Dumas Louise-Emilie, Bonnard-Couton Valérie, Golse Bernard, Askénazy Florence
Service universitaire de psychiatrie de l'enfance et de l'adolescence (SUPEA), hôpitaux pédiatriques de Nice, CHU Lenval, 57, avenue de la Californie, 06200 Nice, France; CoBTeK laboratory, université Côte d'Azur, 10, rue Molière, 06100 Nice, France.
Service universitaire de psychiatrie de l'enfance et de l'adolescence (SUPEA), hôpitaux pédiatriques de Nice, CHU Lenval, 57, avenue de la Californie, 06200 Nice, France; CoBTeK laboratory, université Côte d'Azur, 10, rue Molière, 06100 Nice, France.
Encephale. 2022 Oct;48(5):546-554. doi: 10.1016/j.encep.2021.06.010. Epub 2021 Oct 5.

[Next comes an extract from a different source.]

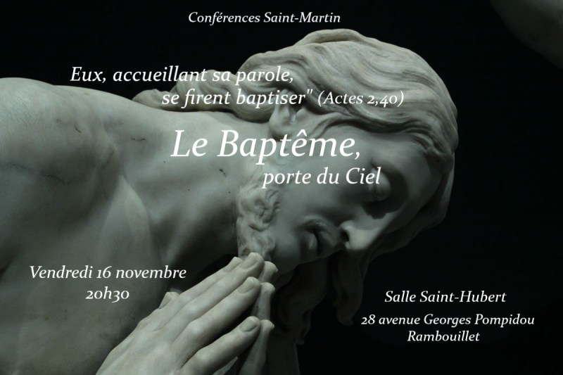 Accueil » Nos archives » Conférence ‘Le Baptême porte du ciel’ ce 16 novembre à Rambouillet Summorum Pontificum Conférence ‘Le Baptême porte du ciel’ ce 16 novembre à Rambouillet Un lecteur nous invite à diffuser les informations pour la prochaine conférence Saint-Martin donnée par l’abbé Damaggio, FSSP, ce vendredi 16 novembre à 20h30 à Rambouillet. FSSP Saint-Martin de Bréthencourt Article précédentMesse Pontificale à la Cathédrale Notre-Dame (Ottawa - Canada) vendredi 23 novembre Article suivantMgr d’Ornellas : Faire heureusement la vérité 16 novembre 2018

Auditory-verbal hallucinatory experiences (AVH) represent a prevalence of 12% in the general pediatric population. They are most often considered as a transient and benign developmental phenomenon, associated with mood and anxiety disorders. The persistence of AVHs for several years and into adolescence would represent a poor prognosis of progression into a psychiatric disorder, and more particularly psychotic disorder. The alteration of social and emotional cognitive markers are described as prodromal of this unfavorable progression which should be considered within the continuum between subclinical and clinical signs of the "psychosis phenotype". The objective of this study was to assess these markers in children and adolescents with AVH and their correlation with the presence and persistence of hallucinations.
Multicenter prospective case-control study, longitudinal over 6months. Patients were included based on the presence of HAV on clinical examination. Forty subjects aged 8 to 16years from a clinical pediatric population were included. They were divided into two groups according to the Diagnostic Interview Schedule for Children-Child version (DISC-C): a group with AVH ("AVH+"), and a group without HAV ("AVH-"). A diagnosis of schizophrenia spectrum disorder was a non-inclusion criterion according to the criteria of DSM-5 (K-SADS-PL). This group was matched to the control group without AVH (AVH-) according to sex, age (±6months) and associated psychiatric diagnoses assessed by the MINI-Kid. The marker of social cognition was assessed with the NEPSY II test. The emotional marker was assessed with the self-questionnaires: EED IV, which highlights the emotions currently being felt by the subject, and the BAVQ-R, which categorizes the child's emotions in reaction to AVH.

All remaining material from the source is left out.